_What the task requires_
All lines in the records below from the line with "(D x Š x V)" through the line with "Printable Golden State" are to be given again exactly, both ends included; the pictures are to be left out.
Segment Start: Provided records
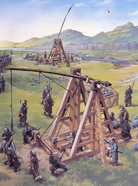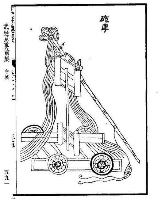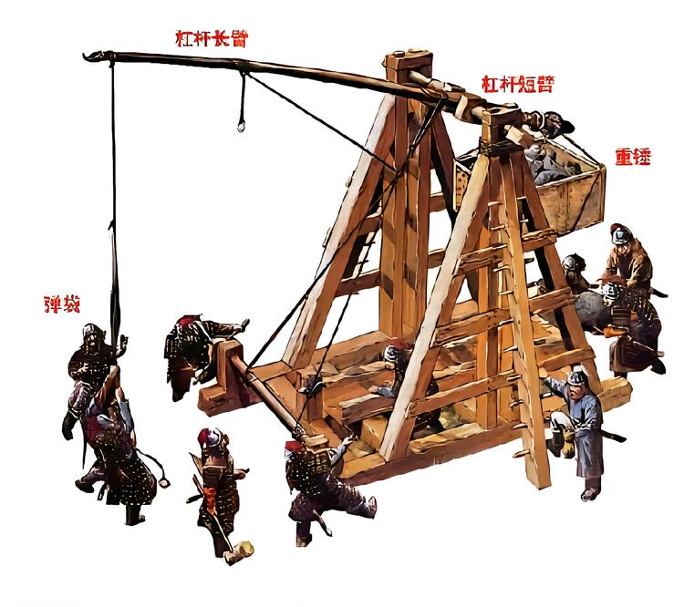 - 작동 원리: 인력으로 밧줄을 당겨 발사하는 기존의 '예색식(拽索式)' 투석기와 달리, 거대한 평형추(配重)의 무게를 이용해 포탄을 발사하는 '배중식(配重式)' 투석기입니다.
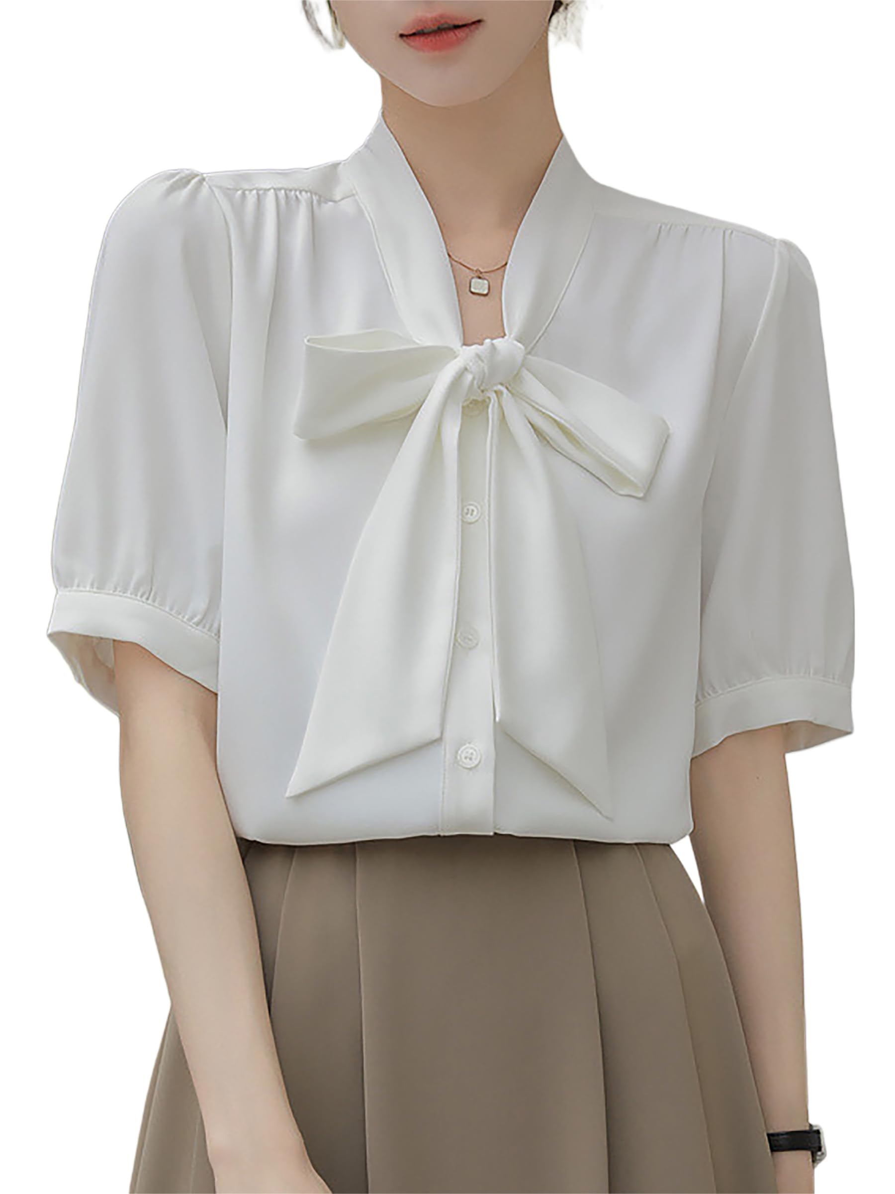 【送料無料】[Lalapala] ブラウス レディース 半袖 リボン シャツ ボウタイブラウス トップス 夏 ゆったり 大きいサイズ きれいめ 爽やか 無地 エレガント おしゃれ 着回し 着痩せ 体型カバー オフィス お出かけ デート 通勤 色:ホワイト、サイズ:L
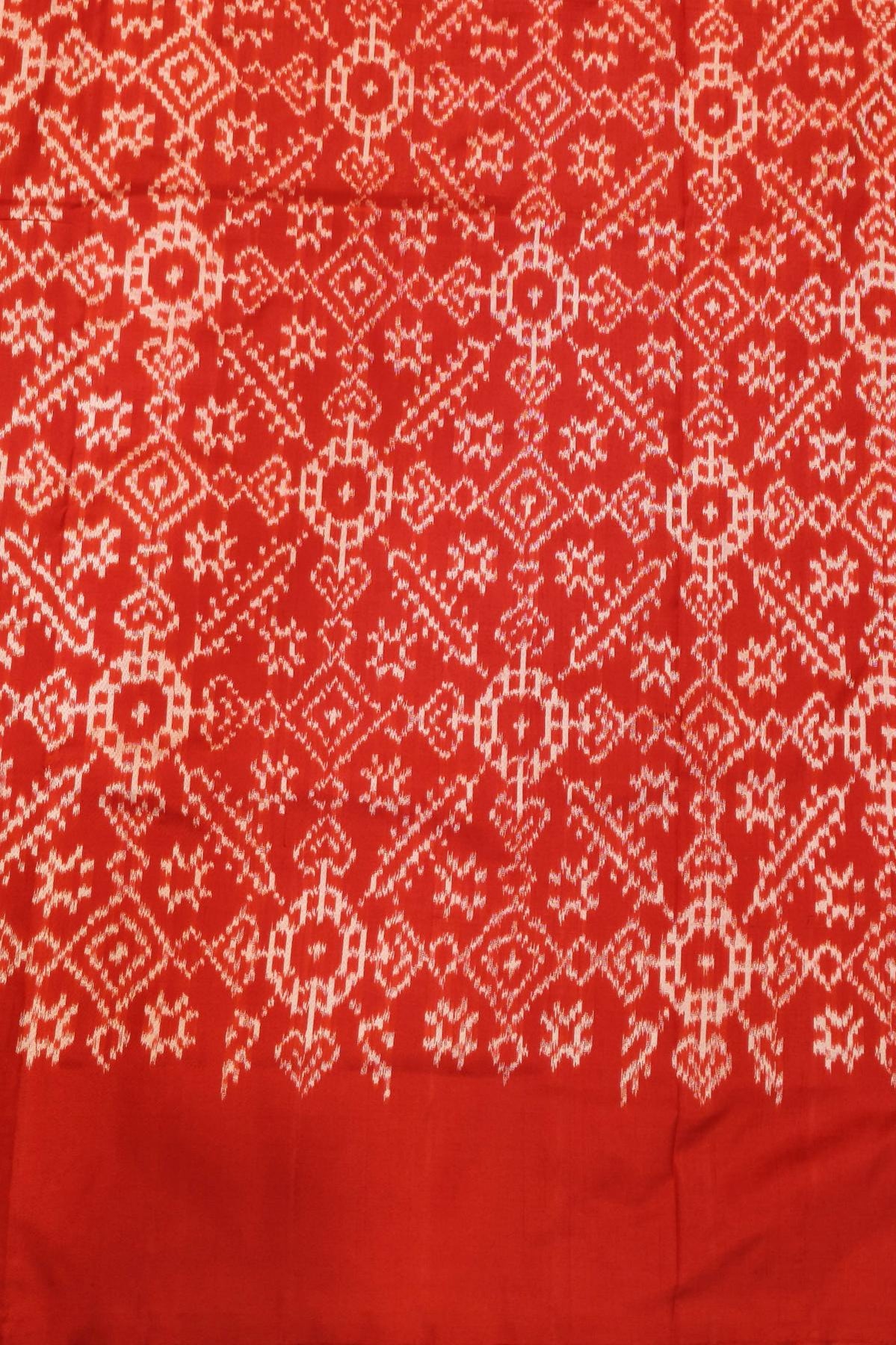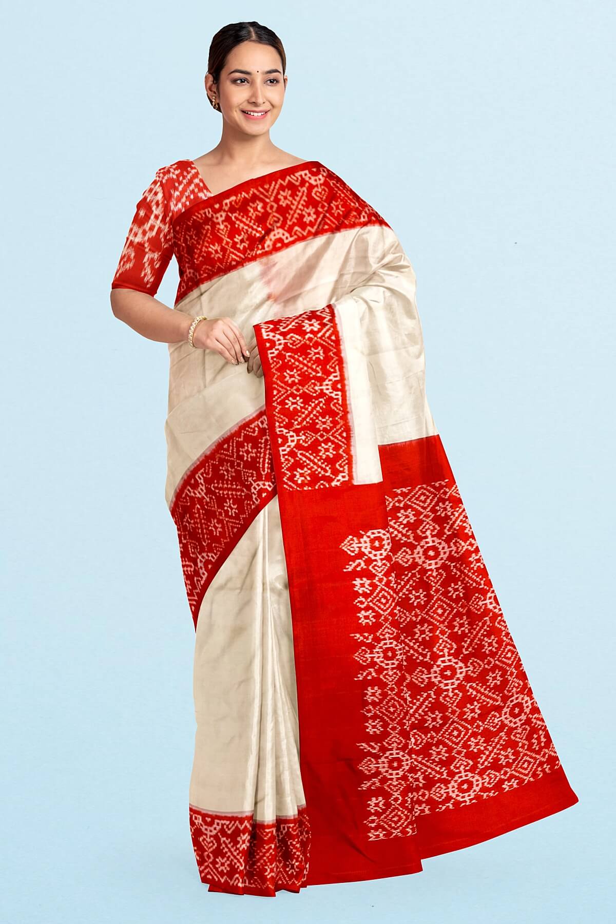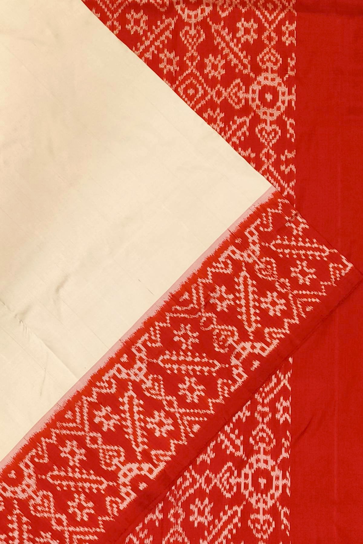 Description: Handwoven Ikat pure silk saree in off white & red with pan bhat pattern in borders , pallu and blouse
Segment End: Provided records
Segment Start: Provided records
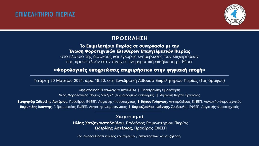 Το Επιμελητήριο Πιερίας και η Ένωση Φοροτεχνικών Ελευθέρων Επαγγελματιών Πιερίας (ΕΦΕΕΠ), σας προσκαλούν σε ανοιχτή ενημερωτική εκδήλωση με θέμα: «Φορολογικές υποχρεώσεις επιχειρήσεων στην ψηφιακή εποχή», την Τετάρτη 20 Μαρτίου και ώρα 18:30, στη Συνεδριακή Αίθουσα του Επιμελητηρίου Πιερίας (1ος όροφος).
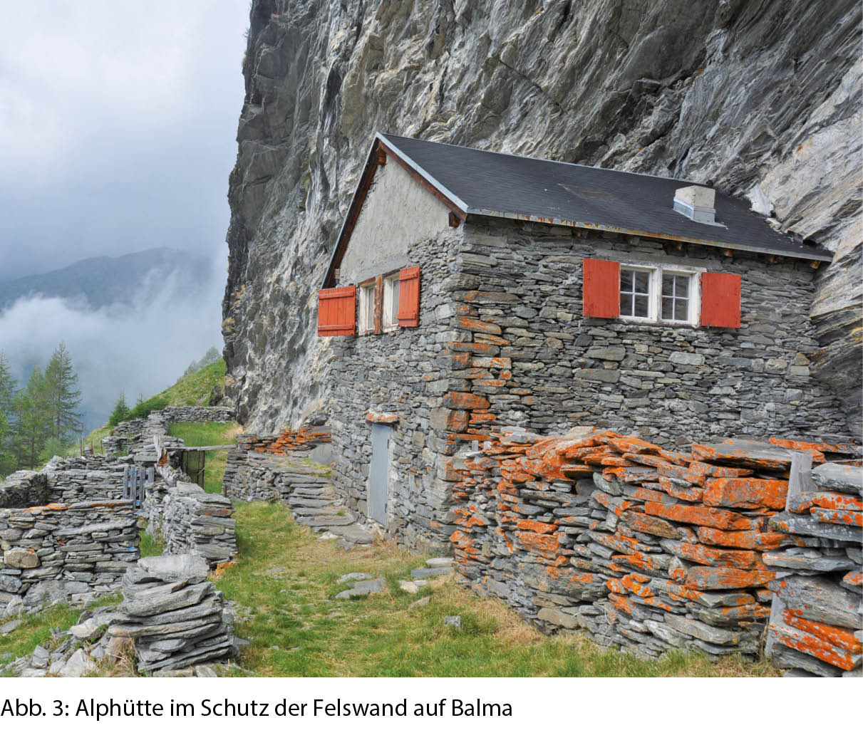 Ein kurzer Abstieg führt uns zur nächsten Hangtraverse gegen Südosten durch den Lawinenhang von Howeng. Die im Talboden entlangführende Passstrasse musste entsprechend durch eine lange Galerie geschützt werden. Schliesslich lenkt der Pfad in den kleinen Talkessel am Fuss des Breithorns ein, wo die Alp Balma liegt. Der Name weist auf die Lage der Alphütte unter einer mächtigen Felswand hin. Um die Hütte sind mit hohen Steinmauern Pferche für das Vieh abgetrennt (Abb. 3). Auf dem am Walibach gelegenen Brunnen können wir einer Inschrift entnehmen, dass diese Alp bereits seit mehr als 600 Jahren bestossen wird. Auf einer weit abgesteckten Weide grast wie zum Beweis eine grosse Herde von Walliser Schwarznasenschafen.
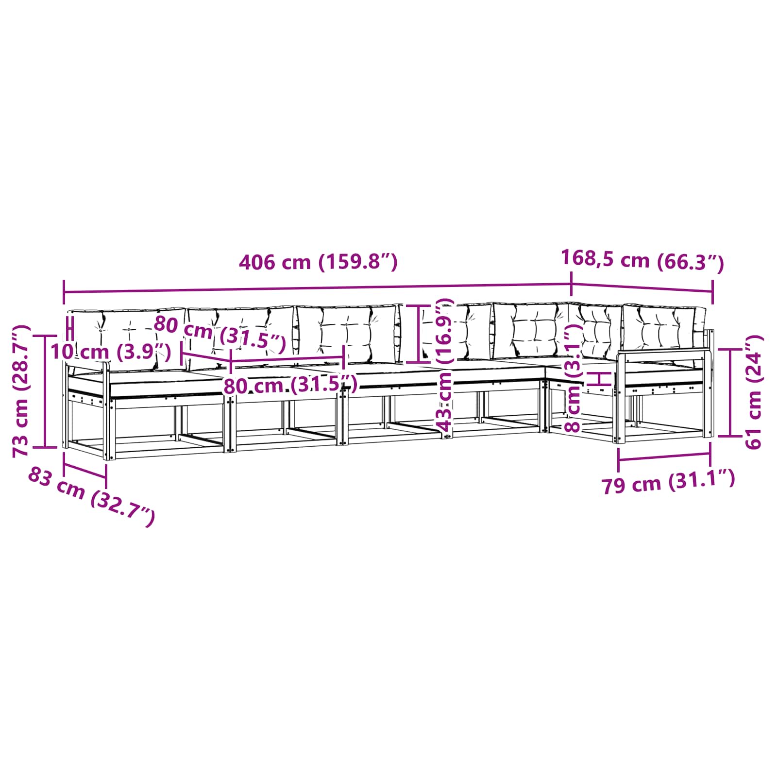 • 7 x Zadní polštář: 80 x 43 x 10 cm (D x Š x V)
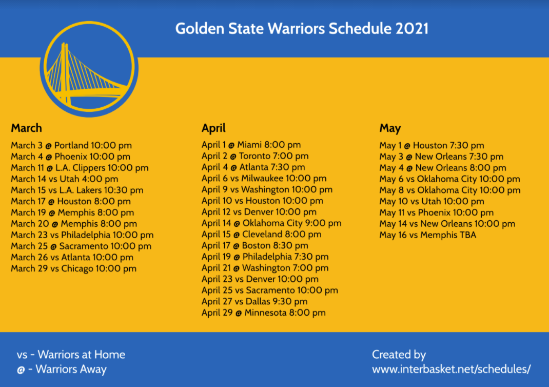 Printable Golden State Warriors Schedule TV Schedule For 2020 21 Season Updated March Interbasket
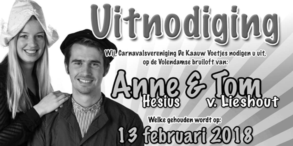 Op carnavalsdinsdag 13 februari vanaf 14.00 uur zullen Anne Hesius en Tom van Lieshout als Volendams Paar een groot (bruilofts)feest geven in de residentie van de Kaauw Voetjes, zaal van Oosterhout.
Segment End: Provided records
Segment Start: Provided records
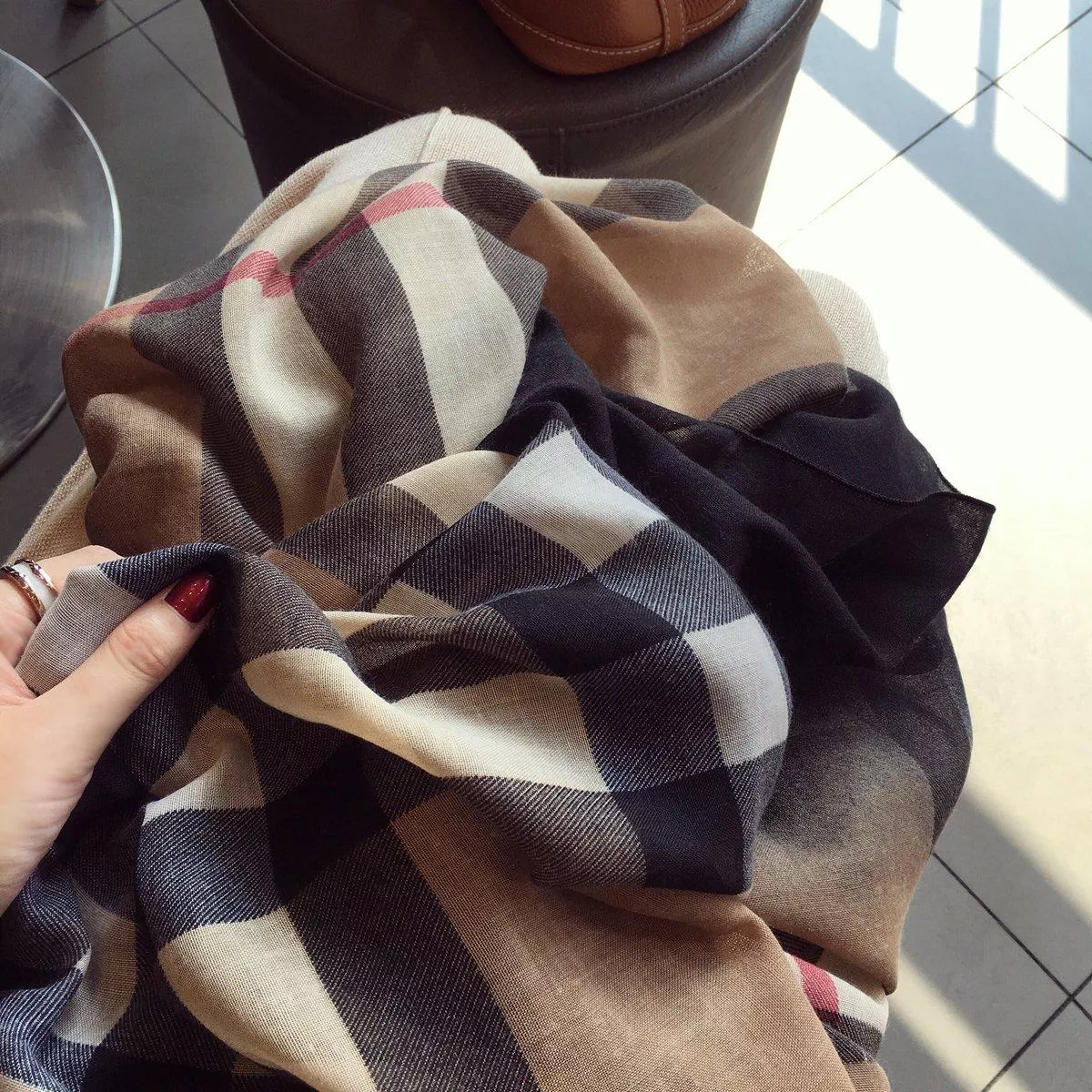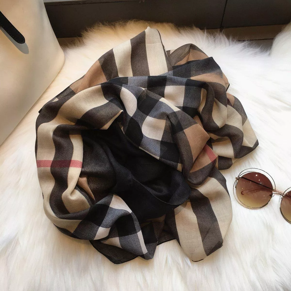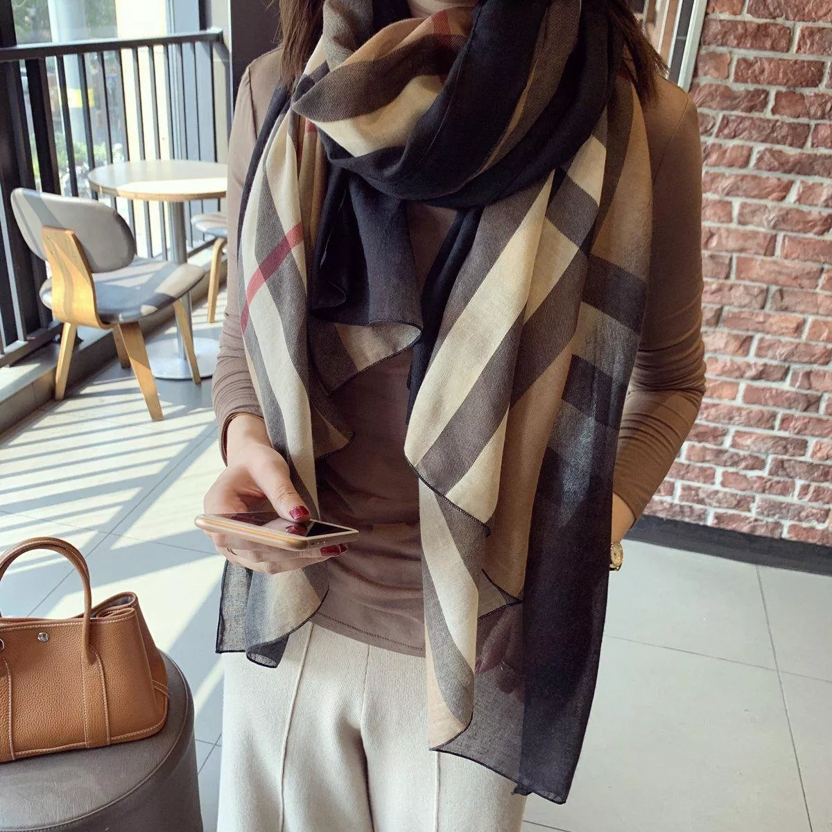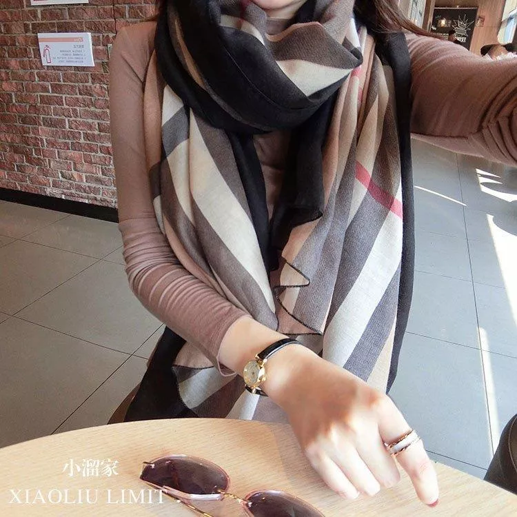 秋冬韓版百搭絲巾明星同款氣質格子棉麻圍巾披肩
Segment End: Provided records
_Solution to this exercise_
 • 7 x Zadní polštář: 80 x 43 x 10 cm (D x Š x V)
 Printable Golden State Warriors Schedule TV Schedule For 2020 21 Season Updated March Interbasket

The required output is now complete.